僕は二つの世界に住んでいる

現代社会と科学の空白に迷い込んだ人物を辿るブログ。故人の墓碑銘となれば幸いです。

「被害者の親」から「加害者の親」へー支える覚悟、固めた母

中川智正さんの話をする上で避けて通れないのは、

お母様の存在です。

お母様については当時から新聞記者の取材にも応じられていて、息子があれだけの事件に関与したのに、逃げも隠れもしないで偉い方だと感じていました。

もし私が中川さんぐらいの犯罪を犯したならば、私の親は多分受け止めきれないだろうな・・・と思いながら、中川さんのお母様に関する記事を読んでいました。

お母様が留置場に中川さんに会いに行ったのは、逮捕後の5日目、5月22日のことでした。その時の新聞記事が、『毎日新聞』1995年10月24日夕刊にあります。

「どんな顔をして会おう。何を話せばいいの」と戸惑いながらーーー。

接見室のドアが開き、息子も困ったように入ってきた。
瞬間目が合い、涙があふれた。
息子も涙がほおからあごを伝い、ぽたぽたと落ちた。
互いに言葉は出ない。
「この子はまだ大丈夫。私の顔を見て泣けるんだ」
と母は思った。
息子はよほど照れくさかったのか
「タオル、タオル」と立会いの警官に声を掛けた。
一息ついて話しだした。
遠いところをありがとう。
僕がこうなったことを
世間では『親の育て方が悪い』というかもしれないけれど
これは全部、僕のせいなんだ

母が、弁護士を頼むつもりだ、というと
「僕は出家して、いったん親子の縁を切った。
都合のいいときだけ甘えることはできない」と断った。
「一緒の家族なんだから。そんなこと言わなくてもいいんだよ」
母は優しく言った。
親子の縁は簡単に切れるもんじゃない。
オウムに切られてたまるか・・・。
そう思い詰めていたと、母は振り返る。
「そこまで言ってくれるのですか。ありがとう」
息子も応じた。
息子の口から「脱会する」という言葉が出た。
分厚い強化ガラスに遮られていても、
息子は「母の情」に閉ざされた心を開き始めたのか。
「やっと家族に戻れた」と、母は実感した。
取り調べの捜査員からも
「お母さんにあってから(中川被告は)顔つきが穏やかになった」
と聞いた。
だが、面会を重ねる中で母は息子の
「妙に冷静な態度」
が気になっている。
麻原被告への怒りや憎しみは口にしない。
「麻原ってひどいヤツよね」と水を向けても
息子は反論も同意もしない。聞き流しているようにも見える。
「まだ麻原のマインドコントロールが解けていないのでは」
息子から麻原被告を非難する言葉を聞くまで
母は決して気が休まらない。
「多くの人の命を奪った。
麻原の洗脳を脱して、そのことを本当に恐れおののいてほしい。
心から謝罪して・・・」
小柄な母は、小さな肩を震わせる。
次第に声は細った。
逮捕後、医師免許を返上し、卒業した学校の名簿からも名前の削除を求めた中川被告。
早い段階から一連の事件の核心を供述したとされ
周辺にも極刑を覚悟していると漏らしている。
そうした突き詰めた気持ちが母との面会でも冷静さを保たせていたのだろうか。
でも私は思う。

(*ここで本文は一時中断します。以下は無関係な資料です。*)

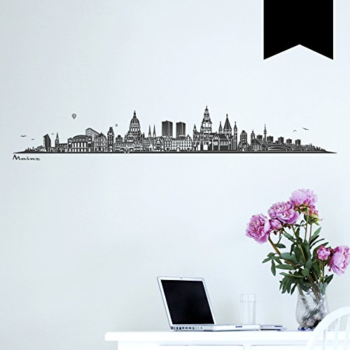 WANDKINGS Wandtattoo Skyline Mainz (mit Sehenswürdigkeiten und Wahrzeichen der Stadt) 140 x 24 cm schwarz - erhältlich in 33 Farben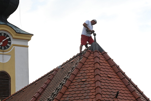 Kapelle erhielt Kreuz zurück Am 15. Juli 2024 montierte die Firma Riepl das Kreuz am Dach der Kapelle in Schletz wieder.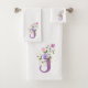 Das Design enthält Monogram plus Blume in einem Blumendesign. Initial ist der Buchstabe J. Persönliches Handtuch Set.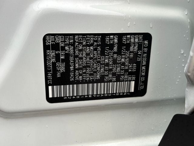 Pearl White Tricoat/Super Black 2023 Nissan Rogue SV FWD CVT with Xtronic 1.5L I3 Turbocharged DOHC 12V LEV3-ULEV50 201hp

中川被告は悔いるなら、自ら関わった罪に正面から向き合い
苦しみぬいてほしい。犯した罪におののく姿を、さらけだしてほしい。
少なくとも母はそれを支えていく覚悟をしているのだから。
(社会部・東海林智)

中川さんのお母様を語る上で大切なことは、息子がオウム真理教に出家したのを放置せずに、当時はインターネットもない中で、永岡弘行氏や坂本堤弁護士などで結成された

オウム真理教被害者の会」を見つけて参加していた方だということです。

「被害者親」の立場でオウム真理教がどんな宗教なのか勉強されていたので、「マインド・コントロール」という言葉を知っているし、他の家族の話から、多額のお布施を取られたという話を聞いて、中川さん自身は多額のお布施はしていないことから、

息子の医学知識や柔道が悪用されるのではないか」といち早く恐れていた方です。

被害者の会の親の中で、特に中川さんご両親など、子供が医師免許を持ってオウム真理教に出家してしまった親たちは、子供の医師免許剥奪まで求める活動をしたけれど、まったく相手にされなかったのでした。

(「朝日新聞」2000年2月4日)

おそらく親ならば、子供が勉強頑張った結果医学部に入り、医者となったならば、その子を誇りに思うだろう。中川さんの両親より以上に、無茶ぶりで勉強させてまで医学部にいれようとする親は現在でも多いと思います。

医学部専門の予備校が繁盛していることからも。

それぐらい、医者になるということは本人も努力するけれど、親も努力する部分もあるだろうものらしいです。精神的にも、金銭的にも。

その医師資格をはく奪してもいいとまで陳情する被害者の会の親たちを、当時の東京都や警察は「話は聞くが受け止めない」という姿勢だったようです。そうして、6年後被害者の会の方々の願いもむなしく、一番最悪な形で、医学知識、柔道すべてが悪用されたのが、中川さんだったのでした。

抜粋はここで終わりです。